+++ Records for processing +++
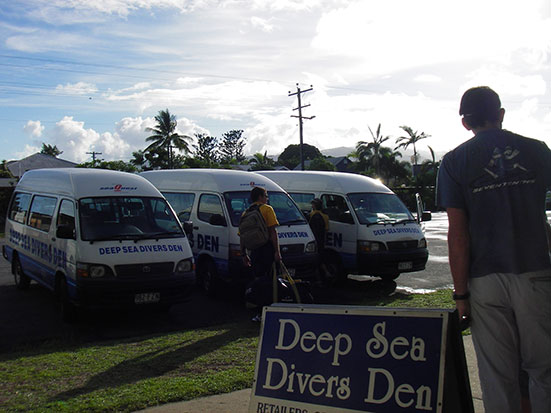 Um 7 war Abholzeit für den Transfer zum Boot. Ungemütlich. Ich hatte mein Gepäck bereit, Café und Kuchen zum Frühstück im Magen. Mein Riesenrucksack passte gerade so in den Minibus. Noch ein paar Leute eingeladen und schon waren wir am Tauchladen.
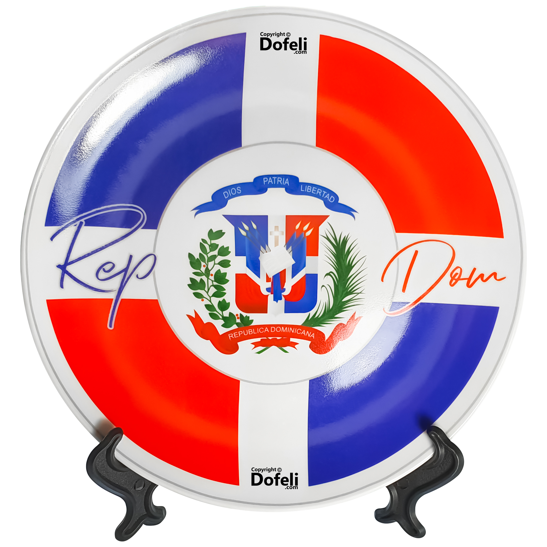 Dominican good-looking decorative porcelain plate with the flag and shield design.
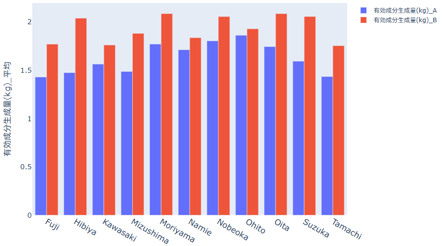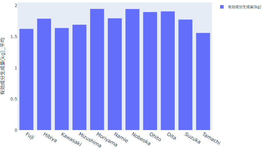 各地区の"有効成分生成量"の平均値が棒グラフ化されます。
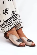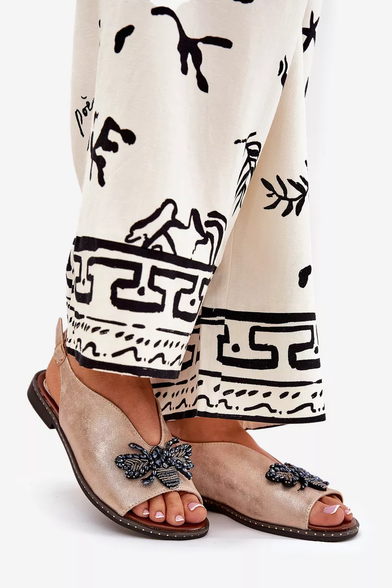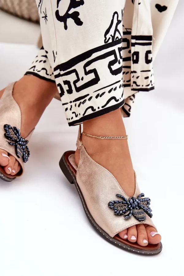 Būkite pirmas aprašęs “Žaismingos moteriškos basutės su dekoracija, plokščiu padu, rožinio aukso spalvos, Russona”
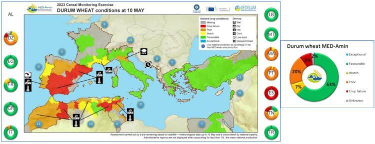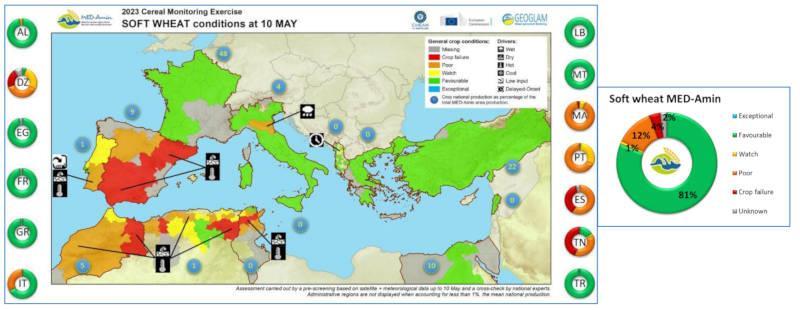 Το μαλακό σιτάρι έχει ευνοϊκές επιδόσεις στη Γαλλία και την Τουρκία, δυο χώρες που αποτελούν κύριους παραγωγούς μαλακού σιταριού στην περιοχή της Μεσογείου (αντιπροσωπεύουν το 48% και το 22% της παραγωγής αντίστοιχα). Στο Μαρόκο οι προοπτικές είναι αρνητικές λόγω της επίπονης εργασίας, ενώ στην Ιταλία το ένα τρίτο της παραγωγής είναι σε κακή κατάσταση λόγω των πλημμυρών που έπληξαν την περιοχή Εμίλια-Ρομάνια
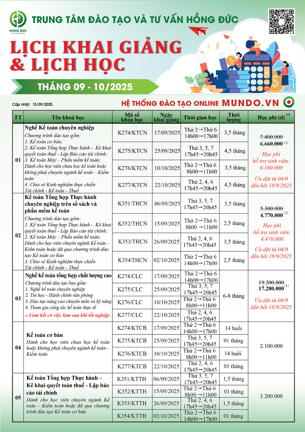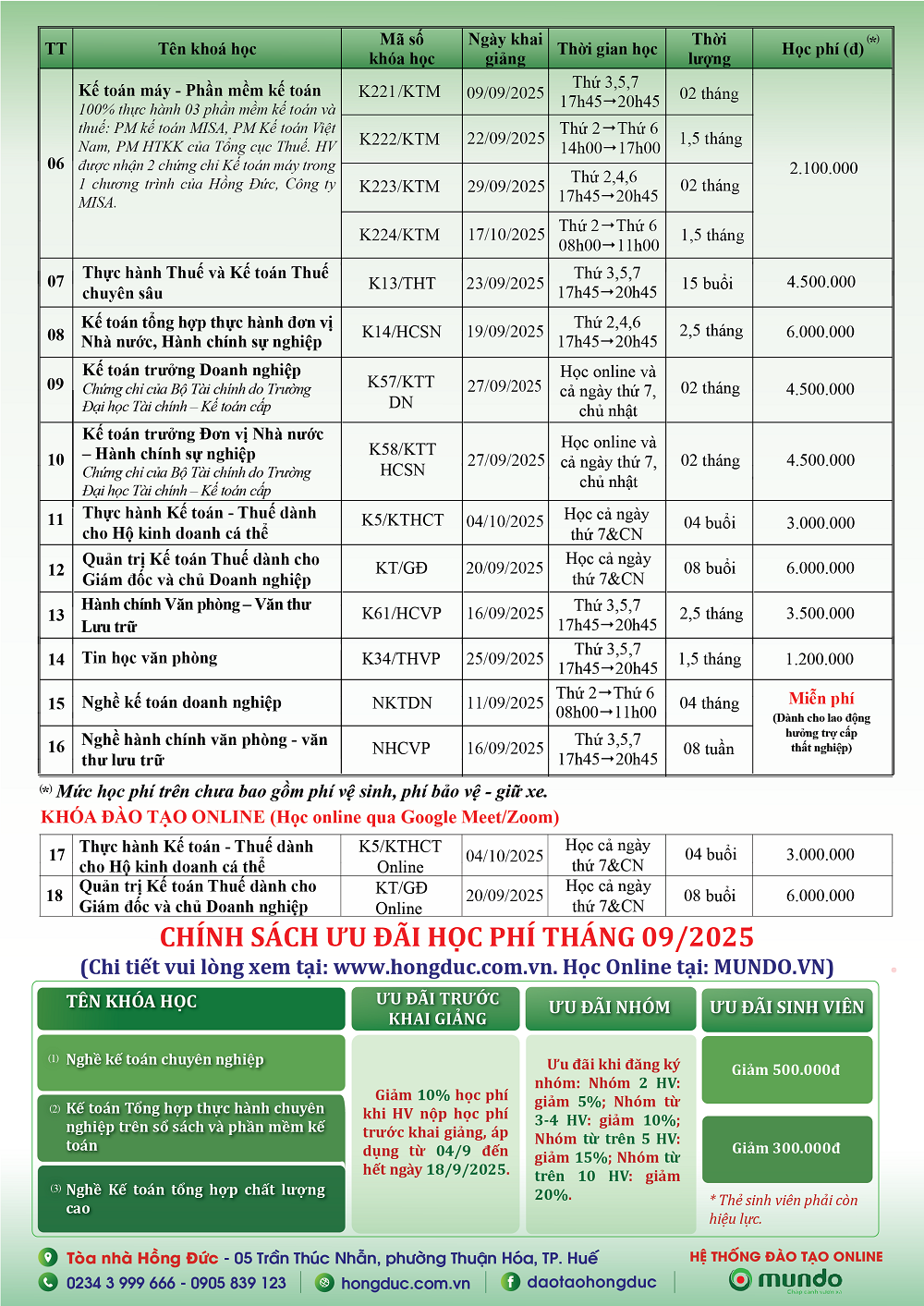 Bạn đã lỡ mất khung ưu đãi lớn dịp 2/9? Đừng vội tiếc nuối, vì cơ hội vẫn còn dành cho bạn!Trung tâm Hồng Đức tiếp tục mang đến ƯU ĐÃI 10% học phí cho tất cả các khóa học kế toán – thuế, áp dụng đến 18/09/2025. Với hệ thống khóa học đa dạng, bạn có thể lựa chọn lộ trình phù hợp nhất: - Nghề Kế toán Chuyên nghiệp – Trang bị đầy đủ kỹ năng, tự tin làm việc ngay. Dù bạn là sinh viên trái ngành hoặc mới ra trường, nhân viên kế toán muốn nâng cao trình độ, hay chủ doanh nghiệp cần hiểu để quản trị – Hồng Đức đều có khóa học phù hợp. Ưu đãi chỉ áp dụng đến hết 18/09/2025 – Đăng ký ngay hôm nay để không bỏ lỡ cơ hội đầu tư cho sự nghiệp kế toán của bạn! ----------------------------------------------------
+++
+++ Records for processing +++
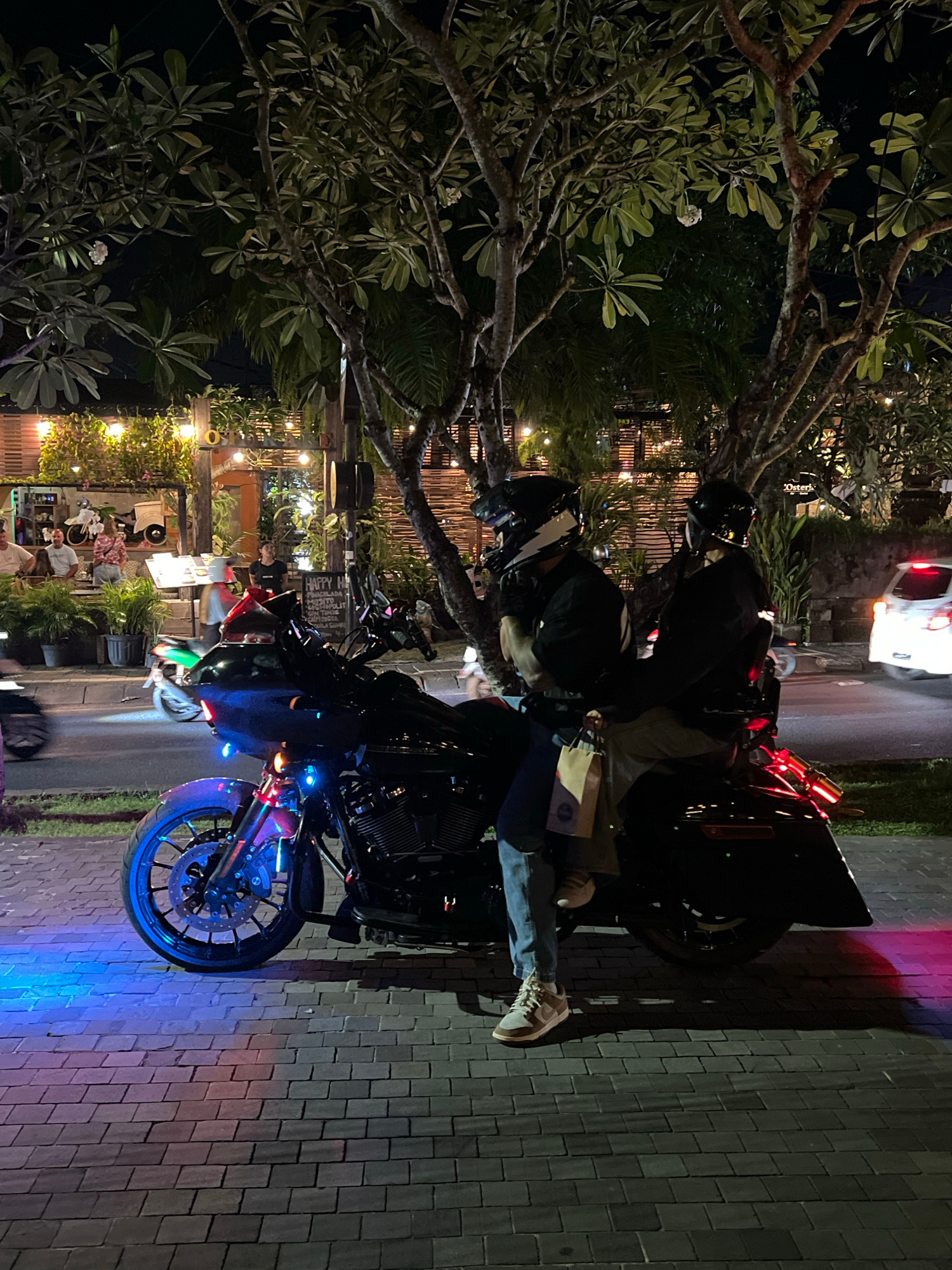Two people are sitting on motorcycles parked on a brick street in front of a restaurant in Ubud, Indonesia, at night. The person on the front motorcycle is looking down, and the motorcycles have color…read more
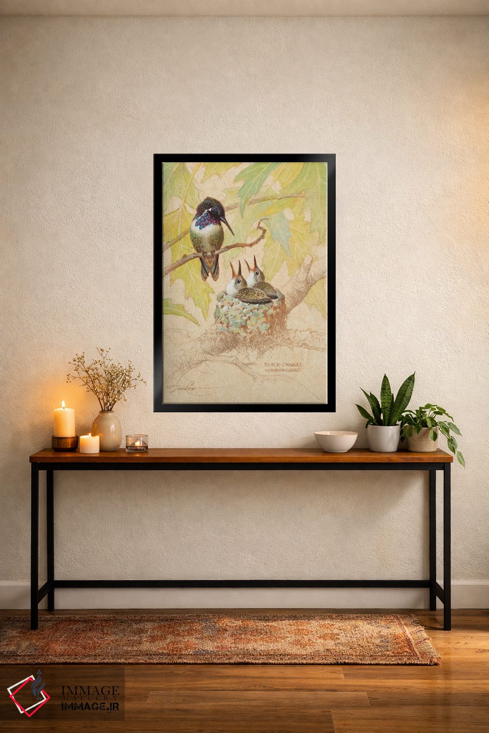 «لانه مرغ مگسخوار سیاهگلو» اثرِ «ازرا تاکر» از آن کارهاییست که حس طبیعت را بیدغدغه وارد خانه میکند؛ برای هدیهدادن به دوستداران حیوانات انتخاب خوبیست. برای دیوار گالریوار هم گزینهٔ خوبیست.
+++
## [What the task asks]
For the data above, set down exactly the lines from the line with "Būkite pirmas aprašęs" to the line with "Bạn đã lỡ mất", both included, leaving pictures out.

## [Solution]
 Būkite pirmas aprašęs “Žaismingos moteriškos basutės su dekoracija, plokščiu padu, rožinio aukso spalvos, Russona”
 Το μαλακό σιτάρι έχει ευνοϊκές επιδόσεις στη Γαλλία και την Τουρκία, δυο χώρες που αποτελούν κύριους παραγωγούς μαλακού σιταριού στην περιοχή της Μεσογείου (αντιπροσωπεύουν το 48% και το 22% της παραγωγής αντίστοιχα). Στο Μαρόκο οι προοπτικές είναι αρνητικές λόγω της επίπονης εργασίας, ενώ στην Ιταλία το ένα τρίτο της παραγωγής είναι σε κακή κατάσταση λόγω των πλημμυρών που έπληξαν την περιοχή Εμίλια-Ρομάνια
 Bạn đã lỡ mất khung ưu đãi lớn dịp 2/9? Đừng vội tiếc nuối, vì cơ hội vẫn còn dành cho bạn!Trung tâm Hồng Đức tiếp tục mang đến ƯU ĐÃI 10% học phí cho tất cả các khóa học kế toán – thuế, áp dụng đến 18/09/2025. Với hệ thống khóa học đa dạng, bạn có thể lựa chọn lộ trình phù hợp nhất: - Nghề Kế toán Chuyên nghiệp – Trang bị đầy đủ kỹ năng, tự tin làm việc ngay. Dù bạn là sinh viên trái ngành hoặc mới ra trường, nhân viên kế toán muốn nâng cao trình độ, hay chủ doanh nghiệp cần hiểu để quản trị – Hồng Đức đều có khóa học phù hợp. Ưu đãi chỉ áp dụng đến hết 18/09/2025 – Đăng ký ngay hôm nay để không bỏ lỡ cơ hội đầu tư cho sự nghiệp kế toán của bạn! ----------------------------------------------------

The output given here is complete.